_TASK ITEM_:
In the material below, find the line with "ELEPHANTS? WELL, YOU" and the line with "- Transform simple", then output both and every line between them exactly, omitting pictures.

(MATERIALS PROVIDED begins)

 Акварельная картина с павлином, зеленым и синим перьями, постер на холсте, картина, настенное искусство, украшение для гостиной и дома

(MATERIALS PROVIDED ends)
(MATERIALS PROVIDED begins)

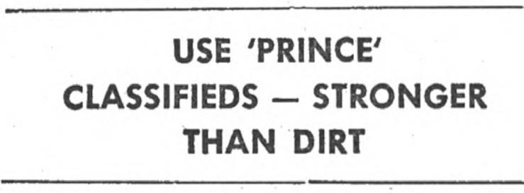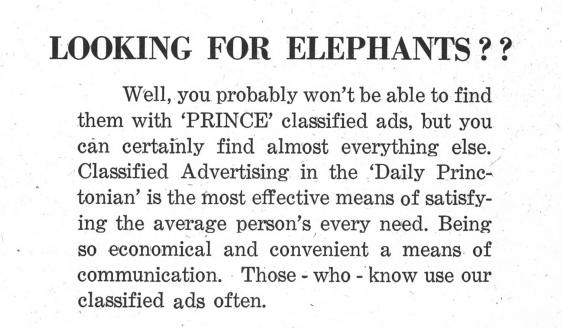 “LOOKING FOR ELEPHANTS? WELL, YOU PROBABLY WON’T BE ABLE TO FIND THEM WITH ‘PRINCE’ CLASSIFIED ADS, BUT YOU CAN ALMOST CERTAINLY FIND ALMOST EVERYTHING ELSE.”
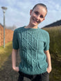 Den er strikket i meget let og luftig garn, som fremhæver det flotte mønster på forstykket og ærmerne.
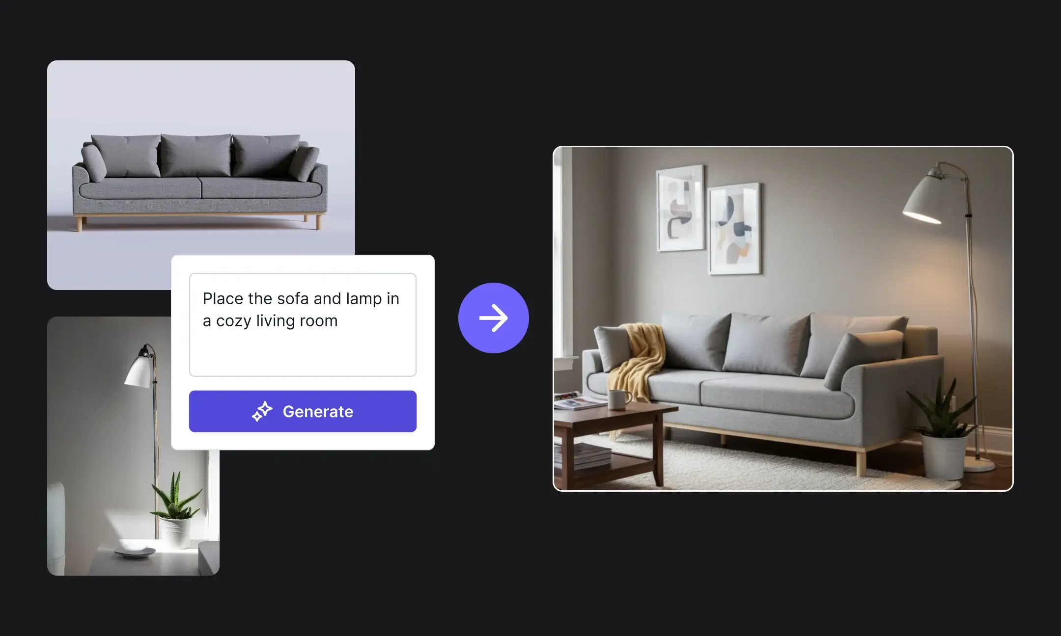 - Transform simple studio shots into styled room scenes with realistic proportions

(MATERIALS PROVIDED ends)
(MATERIALS PROVIDED begins)

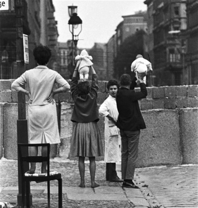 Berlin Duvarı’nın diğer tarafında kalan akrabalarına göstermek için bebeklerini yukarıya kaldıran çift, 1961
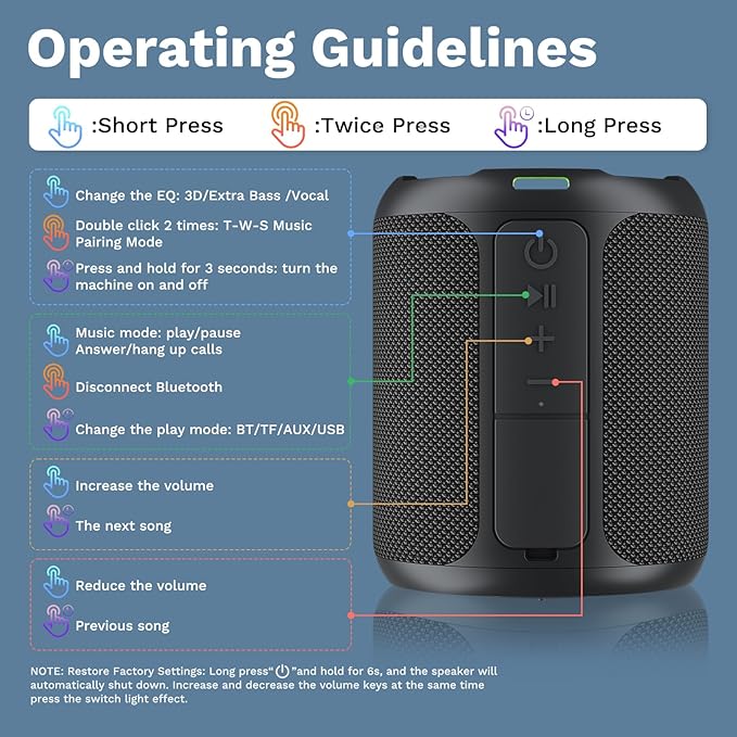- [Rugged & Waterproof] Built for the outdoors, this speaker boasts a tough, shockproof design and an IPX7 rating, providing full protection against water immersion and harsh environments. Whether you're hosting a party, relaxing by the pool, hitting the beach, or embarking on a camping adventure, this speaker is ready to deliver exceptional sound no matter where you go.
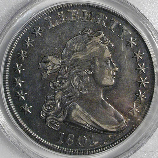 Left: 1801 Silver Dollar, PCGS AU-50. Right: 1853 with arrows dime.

(MATERIALS PROVIDED ends)

_TASK OUTPUT_:
 “LOOKING FOR ELEPHANTS? WELL, YOU PROBABLY WON’T BE ABLE TO FIND THEM WITH ‘PRINCE’ CLASSIFIED ADS, BUT YOU CAN ALMOST CERTAINLY FIND ALMOST EVERYTHING ELSE.”
 Den er strikket i meget let og luftig garn, som fremhæver det flotte mønster på forstykket og ærmerne.
 - Transform simple studio shots into styled room scenes with realistic proportions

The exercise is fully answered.